You can identify batch effects through an initial exploratory analysis of your data (e.g. hierarchical clustering, PCA analysis).
An example of how PCA can be used to identify batch effects: When labelled according to sample type (Wildtype +/- drug and Mutant +/- drug) replicates 3 are outliers, and make no sense. However, when knowledge of when the different samples were processed (two “batches”) is added, it is apparent that replicates 3 were all done on a different day and represent batch effects that must be factored into the analysis (and it looks like the drug only affected the mutant).
PCA before batch correction:
PCA after batch correction:
Tools to adjust your data for batch effects exist: there are two common methods, ComBAT and sva which can be found in the Bioconductor package sva. A review on identifying and removing batch effects is reviewed in this article here, however, I would recommend consulting a bioinformatician with experience in this before venturing out to do this on your own.
Question 4: When working with large data sets what is the expectations for time and storage space?
Answer to Question 4: This depends on your project but FASTQ files can be many gigabytes in size and you have FASTQ files for many samples, the space can add up. You can always add more storage space to your Biowulf account. The amount of time it takes to complete your analysis depends on the pipeline that you are using and whether you have to create your own pipeline. If creating your own analysis pipeline, you will also need to optimize the run time of your analysis. Reach out to one of our expert analysts to discuss and plan before starting your study.
Question 5: What methods are available for transferring fastq files from my disk to Biowulf?
Answer to Question 5:
- Mount HPC drives to local machine (slow)
- Use secure copy (scp)
- Use SFTP client (Filezilla, Fugu, or command line SFTP)
- Globus for very large datasets (ie. FASTQ files)

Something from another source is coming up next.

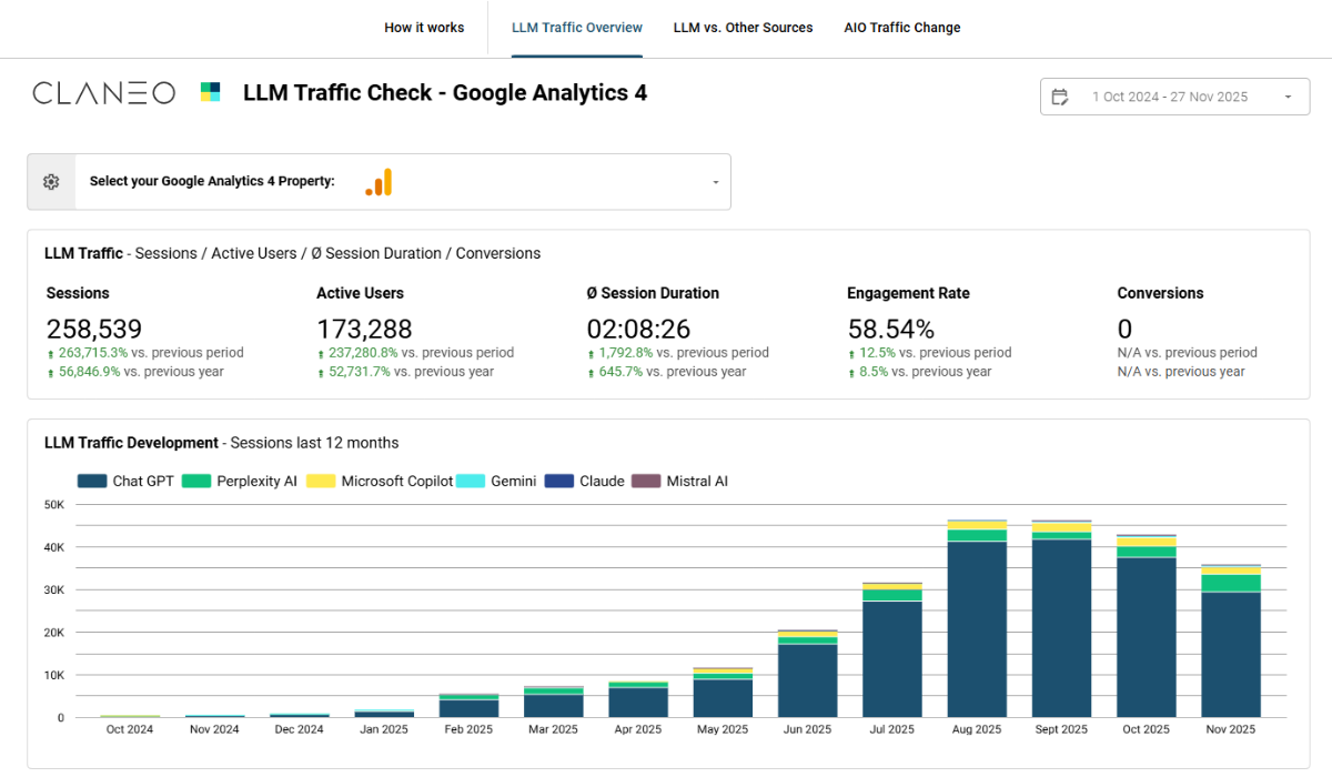 Die Lösung: Das LLM-Traffic-Check-Dashboard von Claneo
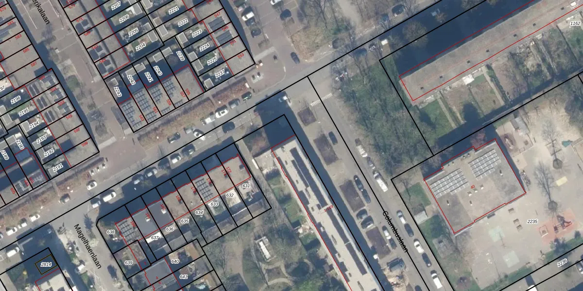 Het perceel waarop Columbuslaan 1 staat heeft een oppervlakte van 6922 m². Dit is een zeer groot perceel. De perceeloppervlakte wordt geregistreerd door het Kadaster. Gedetailleerde informatie over de maten van dit perceel kunt u vinden in het rapport Kadastrale kaart met maatvoering van Columbuslaan 1.

See Transferring data to/from the NIH HPC systems for more about transferring files to and from Biowulf.
Biowulf file transfer tutorials on YouTube
While there are several approaches for transferring file to Biowulf from local, if you are working with many FASTQ files, Globus would be the goto solution.
Question 6: What should I do after downloading RNAseq data from public website(e.g. TCGA) and check for data status?
Answer to Question 6:This depends on the study. For instance, you may find BAM files in a TCGA RNA sequencing study or expression counts. So depending on the data available, this will determine your starting point. When working with public datasets, it is very important to learn as much about a study as you can prior to working with data (ie. do not just download and blindly analyze).
Question 7: What are the various form of data format or quality of public data (GEO, TCGA, Depmap, UK data, etc)?
Answer to Question 7: This varies depending on the repository and study. For instance, GEO does not have a standard set of data that investigators need to submit. Thus, in GEO studies, you may find those with only sequencing data (FASTQ files), expression data, differentially expression results, or a combination.
Question 8: If I want to merge two kinds of GEO study, what should I check in terms of data quality, format, etc?
Answer to Question 8: Start with raw data if at all possible, do some of the QC steps that we did in the class if they’re applicable, and process the data uniformly (same programs, pipelines, etc).